*COLLECTED DATA*
■ ■ ■ ■ ■
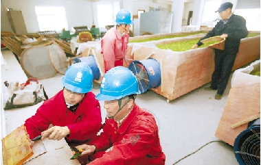安吉县梅溪电力所工作人员日前来到安吉白羽茶场维修电力设施,确保茶农正常用电。眼下正是茶农忙碌的季节,该县电力局派专人值班,确保茶农安全用电。 夏鹏飞 摄
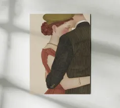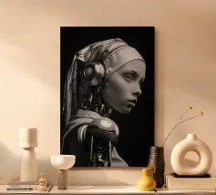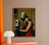 Questa scena surreale combina film noir e fantascienza. Una donna in abito rosso abbraccia un robot retrò in un interno arredato in stile classico: Edward Hopper incontra Fritz Lang. Lo stile pittorico iperrealistico e la calda combinazione di colori creano l'intimità nostalgica del realismo americano, mentre il tema solleva questioni assolutamente contemporanee. Quest'opera concettuale esplora il rapporto uomo-macchina con ironia poetica. Perfetto per chi apprezza l'estetica cinematografica, la profondità filosofica e la freddezza retrofuturistica.
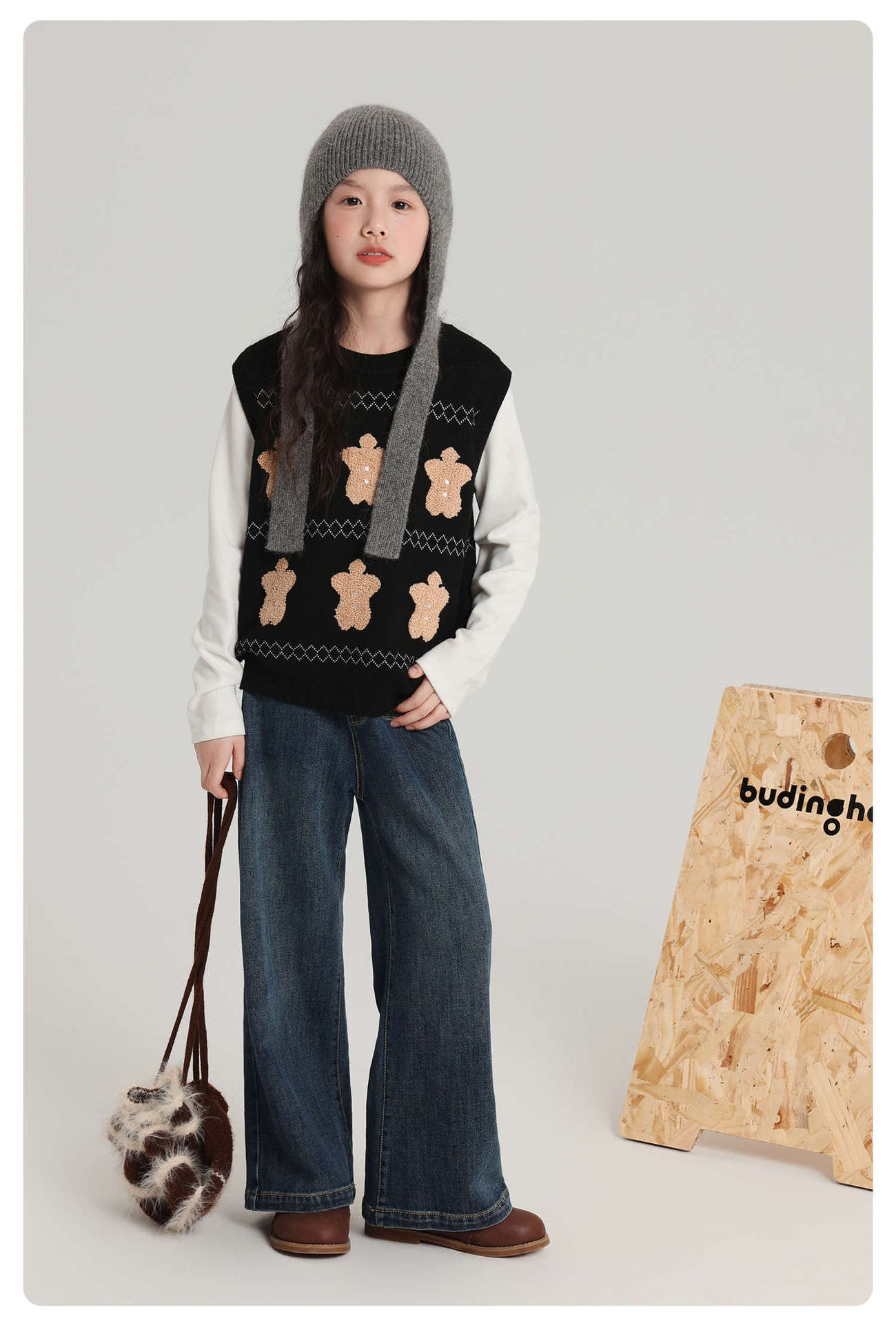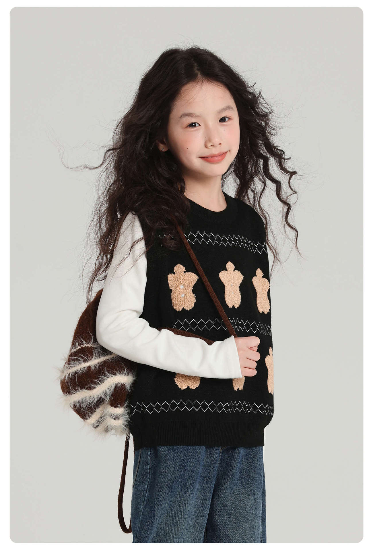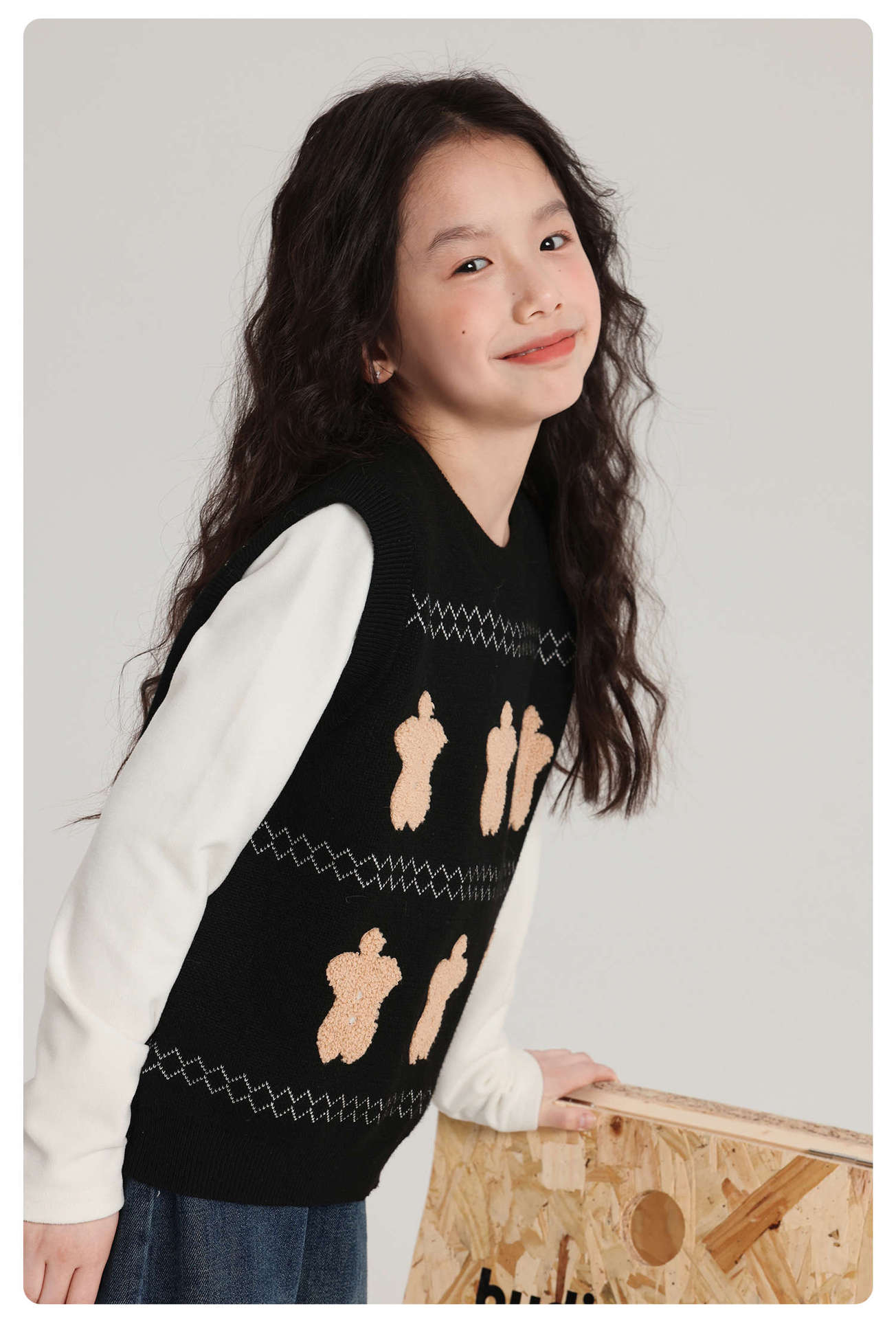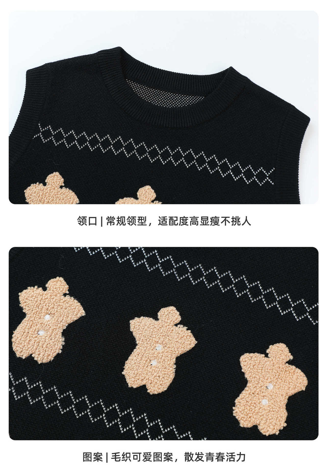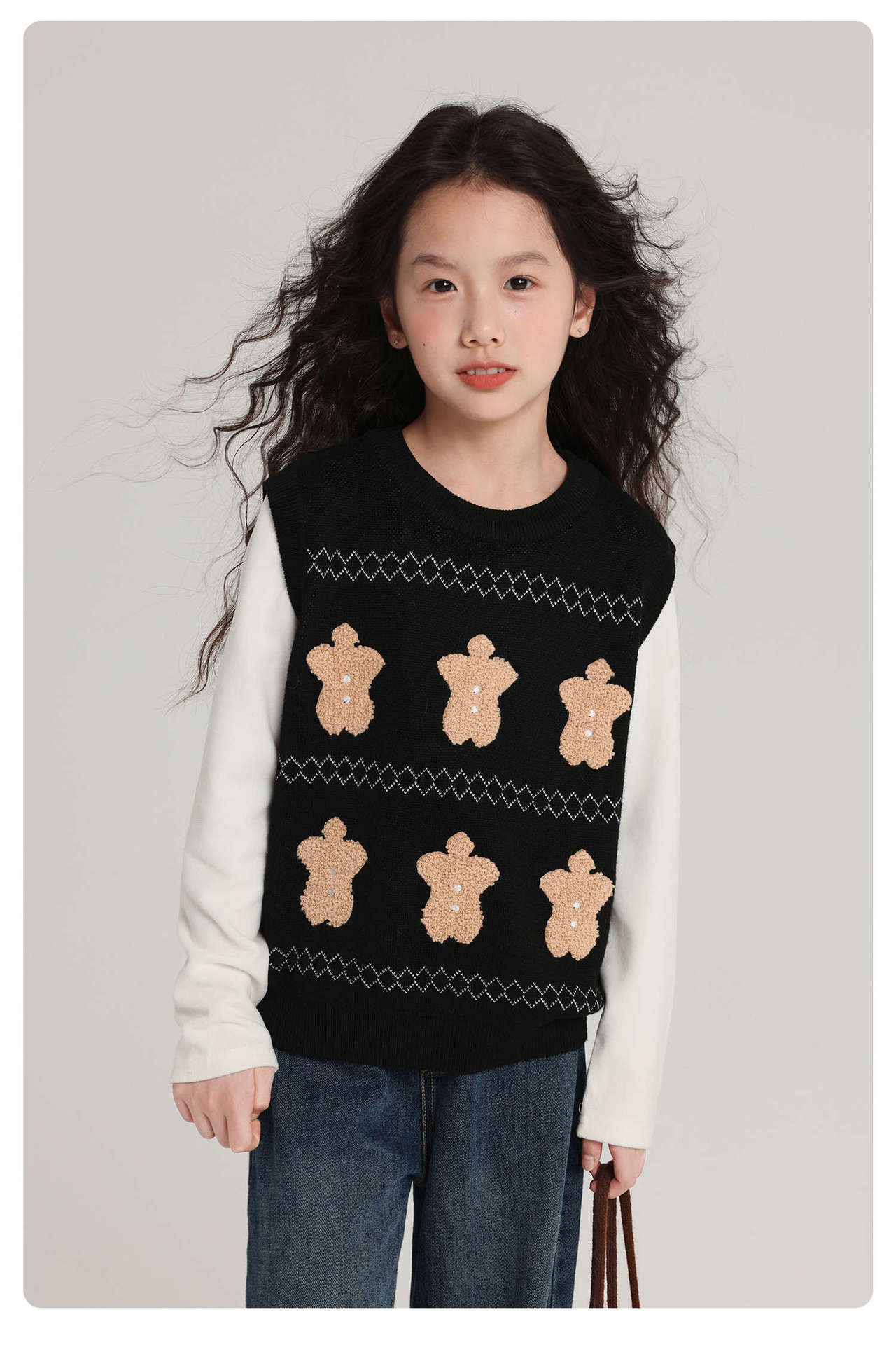푸딩 하루 소녀 조끼 스웨터 2025 가을 새로운 어린이 다목적 모직 대비 색상 진저 브레드 맨 조끼스토어 가기
■ ■ ■ ■ ■
*YOUR TASK*
Since only the text is needed, retype the data above exactly and omit the pictures.

*SOLUTION TO THIS EXERCISE*
安吉县梅溪电力所工作人员日前来到安吉白羽茶场维修电力设施,确保茶农正常用电。眼下正是茶农忙碌的季节,该县电力局派专人值班,确保茶农安全用电。 夏鹏飞 摄
 Questa scena surreale combina film noir e fantascienza. Una donna in abito rosso abbraccia un robot retrò in un interno arredato in stile classico: Edward Hopper incontra Fritz Lang. Lo stile pittorico iperrealistico e la calda combinazione di colori creano l'intimità nostalgica del realismo americano, mentre il tema solleva questioni assolutamente contemporanee. Quest'opera concettuale esplora il rapporto uomo-macchina con ironia poetica. Perfetto per chi apprezza l'estetica cinematografica, la profondità filosofica e la freddezza retrofuturistica.
푸딩 하루 소녀 조끼 스웨터 2025 가을 새로운 어린이 다목적 모직 대비 색상 진저 브레드 맨 조끼스토어 가기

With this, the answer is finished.